③ When pulling back, be careful because the strength of the stomach is easy ⚠️

Just by doing this for one minute a day, the position of the internal organs is adjusted and the stomach 🥺

If you want to make a natural corset, let me know 🔥 in the comments!

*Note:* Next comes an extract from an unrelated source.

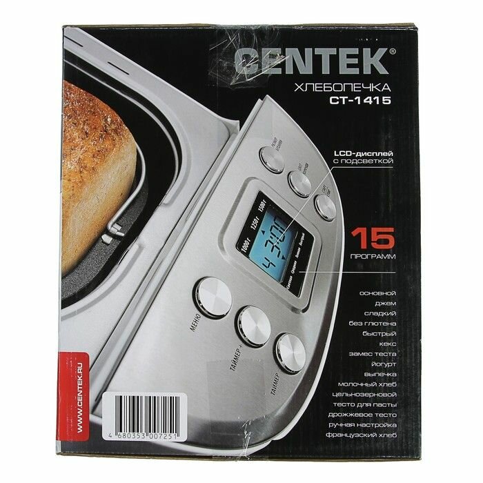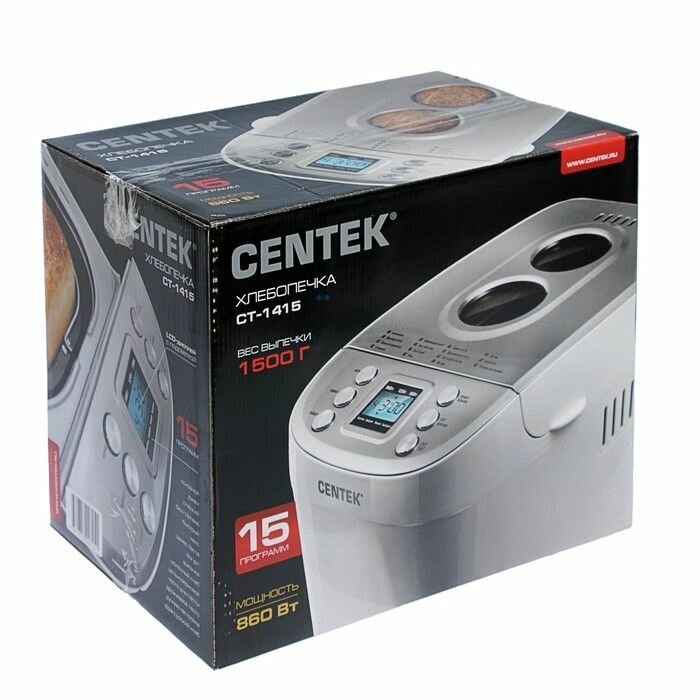 Хлебопечка Centek CT-1415 (бел/сталь) 1500 г большой объём, 860Вт, 15 программ, таймер, LCD, окошко белый цвет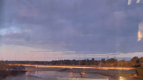 Pri prelasku Save preko Hendrixovog mosta snimio sam usnuli stari Savski most i zoru koja rudi na istoku. Još malo pa ulazimo na Glavni kolodvor u Zagrebu.

Lower belly thin My stomach is gone. # inner _ muscle

2025/12/20 Edited to

... Read more多くの人が腹筋運動だけで下腹部の脂肪や浮き輪肉の撃退を目指しますが、実はその方法では奥にある腹横筋を効果的に鍛えることは難しい場合があります。腹横筋は「天然コルセット」と呼ばれ、内臓の位置を正しく保ち、お腹周りを引き締める役割を果たしています。日常生活での姿勢保持にも関与しており、鍛えることで下腹のぽっこりを改善することが期待できます。 このトレーニングのポイントは、肘をついて四つん這いになり体を前後にスライドさせる動きです。これは不安定な体勢で体幹を使うため、自然とインナーマッスルが働きやすくなります。普通のプランクに比べ動きがあるため、より多くの筋肉が連動し脂肪燃焼効果も高まるのが特徴です。また、肘をつくことで負荷のかかり方が変わり、腹横筋を重点的に鍛えることが可能です。 実践する際の注意点としては、体を後ろに引くとお腹の力が抜けやすいため、呼吸を止めずにお腹を薄く引き締めた状態をキープしながら行うことが重要です。わずか1日1分の継続で内臓の位置が整い、ぽっこりお腹の改善につながります。 さらに、ママナースの実体験からも、「下腹・浮き輪肉を同時に撃退」する効果が期待されており、特に産後の体型戻しにも適しています。インスタグラムやSNSで人気の『腹横筋トレーニング』を取り入れることで、自然な姿勢改善と美しいボディライン形成が目指せるでしょう。 この天然コルセット作りはシンプルな動きながら体幹全体を使うため、筋力不足や運動習慣がない方でも継続しやすい点が魅力です。お腹の表面だけに意識が向きがちな腹筋運動から一歩進んで、奥深いインナーマッスルを意識してトレーニングを取り入れることで、理想のスリムな下腹を手に入れましょう。